Ali Tongyi Qianqian Releases Qwen2.5-Turbo AI Model: Supports 1 Million Tokens Contexts, Processing Time Reduced to 68 Seconds

Nov. 19, 2012 (Newswire.com) - AliThousand Questions on TongyiYesterday (November 18), a blog post was published announcing that after months of optimization and polishing, in response to community requests for a longer Context LengthThe Qwen2.5-Turbo has been launched. Open Source AI Models.

Ali Tongyi Qianqian Releases Qwen2.5-Turbo AI Model: Supports 1 Million Tokens Contexts, Processing Time Reduced to 68 Seconds

Qwen2.5-Turbo extends the context length from 128,000 to 1 million tokens, an improvement equivalent to about 1 million English words or 1.5 million Chinese characters, which can hold 10 complete novels, 150 hours of speech, or 30,000 lines of code.
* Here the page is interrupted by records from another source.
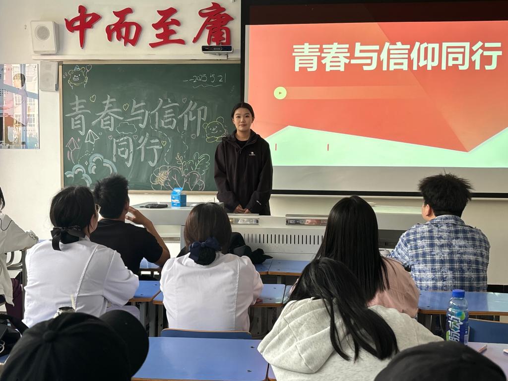 为了引导广大团员青年深入学习红色历史,传承红色基因,弘扬爱国精神;加深青年学生对爱国主义精神的理解。医学院委员会特此于5月21日在一号教学楼1209开展“青春与信仰同行”主题活动。由宣传部部长梁红丽主持。
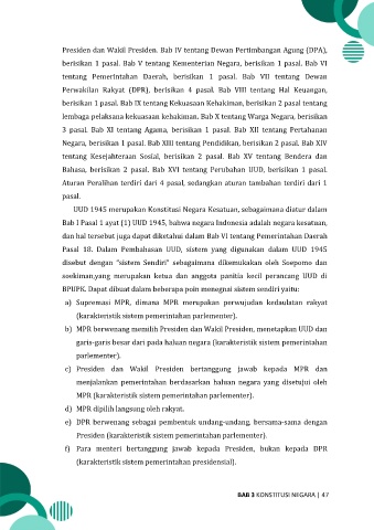 berisikan 1 pasal. Bab V tentang Kementerian Negara, berisikan 1 pasal. Bab VI
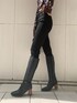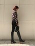 柄だけどどこか大人っぽい雰囲気なコーデ❤︎【トップス】EVRISオリジナル柄がヴィンテージライクでこれ1枚で高級感溢れお洒落に仕上るニット✴︎肩幅が広めな骨格ですが、大胆なスクエアネックで鎖骨ラインをガッツリ肌見せすることで目線が外れて体格も自然とスッキリ見え出来ますよ❤︎骨盤くらいの短めな着丈がEVRISのハイウエストボトムシリーズとも好相性です◎【ブーツ】色んなテイストのコーデにもハマりやすくて今季愛用しまくっているロングブーツ❤︎足首周りがスラッと細身な作りなので美脚度UP!身長が166cmあるのでプライベートではあまりヒールを好んで着用しない方ですが、7.5cmヒールは程よく盛れて尚且つ楽でちょうど良い高さです!ロングブーツをまだお持ちで居ない方は特にオススメです❤︎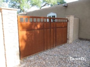 Our custom gates are designed for courtyards, patios, entries, pools and more with a wide range of styles from picket gates, security gates, custom designed gates and gates for ornamental garden fencing. Choose from several latch styles to suit your needs. Any style can be converted to a pool gate with self- closing hinges and locks to meet code and safety requirements. Top corners of all gates are mitered, welded, and sanded smooth: plastic caps are never used at Pascetti Steel.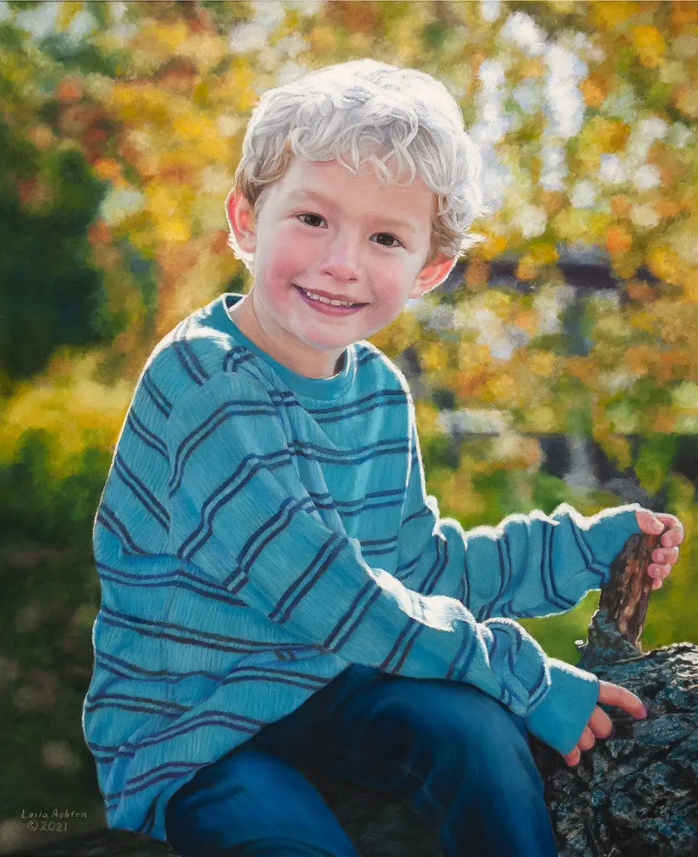 Outdoor lighting is best, but make sure there is no glare that would make the subject squint. Light from the side often makes a lovely portrait. I also need several frames of each pose, to allow for corrections and for getting the best expression. A variety of poses will give me more options for making a beautiful portrait. So do take many photos. Send me your best, and we will go from there.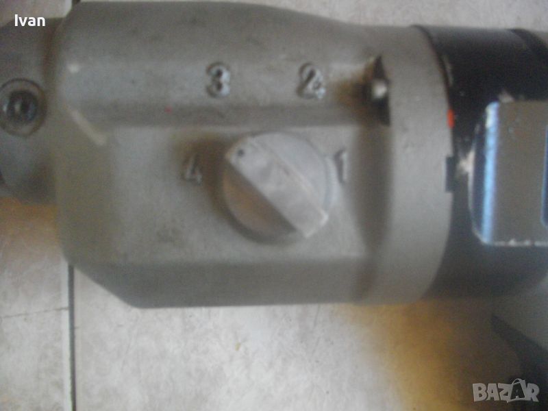 ОПИСАНИЕ на ел. диамантено пробивна машина - цена 999 лв. Почти нова, визулно много малко ползвана, като нова. В добро работно техническо състояние. Мощност 1800 вата, 4 скорости с обороти при различната скорост - ск1 - 498 об/мин, ск.2 - 900 об/мин, ск. 3 - 1400 об/мин. ск.4 - 2290 об/мин. Марка и модел на машината - Dr. Bender EB M 43 F. Характеристики - захранване - 230 V - 50-60 Hz - Защита 9 А /ампери/ - Мощност на мотора - 1800 W /Вата/. Пробив Ф макс при различната скорост - 150 - 90 - 60 - 30. Alihengstelt bei Calw. Вграден течен нивелир голям на дръжката, втори вграден малък кръгъл нивелир отзад на капака на корпуса. Автостоп на спусъка. Алуминиева задна част на корпуса, стоманена предна част, алуминиева капачка отзад. Клъч превключвател 4 скорости - метален. Отпред глава от закалена инструмента стомана с отвор ф 30 мм. Оригинален захранващ кабел с оригинален гумиран щепсел. На кабела тест защита с два бутона - Reset - Test и отделна светлинна индикация за претоварване на машината. Марка на тест защитата - ASS. Надписите на стикера с инструкции за употреба на машината са на немски език. Държина на машината - 46 см/дължина надолу с дръжката - 24 см, диаметър на машината ф 90 мм - ф 100 мм. Тегло на машината - 8,0 кг. Цена - 999 лв.

Note: Context Length (CL) is the maximum length of text that can be considered and generated by a Large Language Model (LLM) in Natural Language Processing (NLP) in a single processing session.

The model achieves 100% accuracy on the 1M-token Passkey retrieval task with a RULER long text evaluation score of 93.1, outperforming GPT-4 and GLM4-9B-1M.

Ali Tongyi Qianqian Releases Qwen2.5-Turbo AI Model: Supports 1 Million Tokens Contexts, Processing Time Reduced to 68 Seconds

By integrating sparse attention mechanisms, the team reduced the time from processing 1 million tokens to outputting the first tokens from 4.9 minutes to 68 seconds, a 4.3-fold increase in speed, which significantly improves the model's response efficiency and makes it more responsive when processing long texts.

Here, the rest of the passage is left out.